To make up for the dearth of blog posts this year, I’m returning to my twelve days of Christmas book recommendations: a daily blog throughout the rest of December in which I share with you the twelve best books I read during 2017, counting down to the best of them all on Christmas Eve.
As always, these aren’t all books published this year but they are all books that I would heartily recommend you go out and buy or borrow. (That was a sneaky prompt to use your local library.)
Let’s see what my fifth favourite book was in 2017…
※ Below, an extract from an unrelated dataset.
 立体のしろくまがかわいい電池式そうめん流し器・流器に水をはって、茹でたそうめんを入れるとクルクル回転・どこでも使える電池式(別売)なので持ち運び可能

The Gustav Sonata by Rose Tremain
I think this is the book that most surprised me this year; I’ve always imagined Rose Tremain to be a stuffy, old-fashioned writer of clichéd romantic fiction. What that was based on, I don’t know. But I was given a copy of The Gustav Sonata for Christmas last year and gave it a go and it was quite wonderful.
Spanning eighty years, from the 1930s to the present day, the novel tells the story of Gustav, a young boy living in Switzerland in the aftermath of Second World War. His late father, we learn through chapters looking back to the war, lost his respected role as a senior police officer by helping Jewish refugees enter the country and Gustav’s mother has never forgiven him for ruining the family’s status, even after his death.
When Gustav invites home Anton, a wealthy Jewish boy new to his school, his mother’s resentment threatens their burgeoning friendship. But it endures throughout school, through their adolescence and a holiday with Anton’s parents to Davos, where their relationship shifts slightly and unexpectedly. It is only when Anton becomes a celebrated concert pianist – pressed into the career by his parents, despite his crippling stage fright – that Gustav feels himself pushed out of his best friend’s life and they grow apart.
The Gustav Sonata is a graceful and dignified book, one that shows its full heart without being sentimental or overblown. I found it profoundly moving, not simply because it is sad, although some parts are, and not least its ending, which I won’t spoil but which felt just right. Not only was this novel the one that most surprised me but it is probably the one I’ve recommended most this year.